When she expressed her belief that he was still alive and growing, promising that she would be happier in future, he said: “Thank you, Mother dearest. That is all I need. Tell Dad to be happy, too. I am with him. He has not lost a son. I am better and bigger and more useful than I ever could have been there, but I have been sorry you suffered so much.”

“Have you been trying recently to let us know you were with us?” she inquired.

“Yes, for months. At first I could not.”

He said that Mary Kendal had found him for us, and when I mentioned that Mary K. had come first to me, he explained: “Yes, she is more used to it. She found Mrs. Kendal, and she told me.”

“You had better get your lunch,” he suggested, after a pause, rousing us from our complete absorption to a consciousness that it was late. Mrs. Gaylord denied being hungry, but he warned her—characteristically, I learned afterward, “You will have a headache, Mother dearest, if you don’t.”

After luncheon we went out for a walk, and then to our respective rooms to rest, the morning having been fatiguing in its emotional strain. Planchette and paper had been left in Mrs. Gaylord’s room, and in the afternoon, while Cass and I were still alone, I picked up a lead-pencil and placed its point on a sheet of letter-paper, expecting no response.
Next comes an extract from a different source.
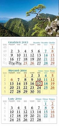 Kalendarium: trzy oddzielne bloczki (31 x 15 cm), doklejone do pleców, miesiąc bieżący wyróżniony kolorystycznie, podwójne imiona, bieżąca numeracja tygodni

To my great surprise, I was conscious almost instantly of its vitality. The sensation is comparable to that of holding a quiet, live bird, wrapped in a handkerchief, its energy muffled but palpable. Sometimes this sensation of a current from without is communicated to the hand and arm, sometimes only to the fingers.

In a short time the pencil moved, writing, “Mary Kendal,” followed by the usual messages for Manse.

Cass asked whether it annoyed them to be questioned, or interfered with things they might wish to tell us.

“No, it does not interfere. We are here to tell you what we can, but we cannot tell everything.... You have the right to know what we can tell you.... You are getting nearer the big things every day.” This made Cass wonder whether “the big things” would come to us in this life or the next, and she added: “Both. You begin there and keep on growing. As soon as you are ready, big truths are shown to you.”

Addressing me, he made some allusion to what “she” had said, suggesting that it seemed to support a theory he had once held, that this world is one of elimination.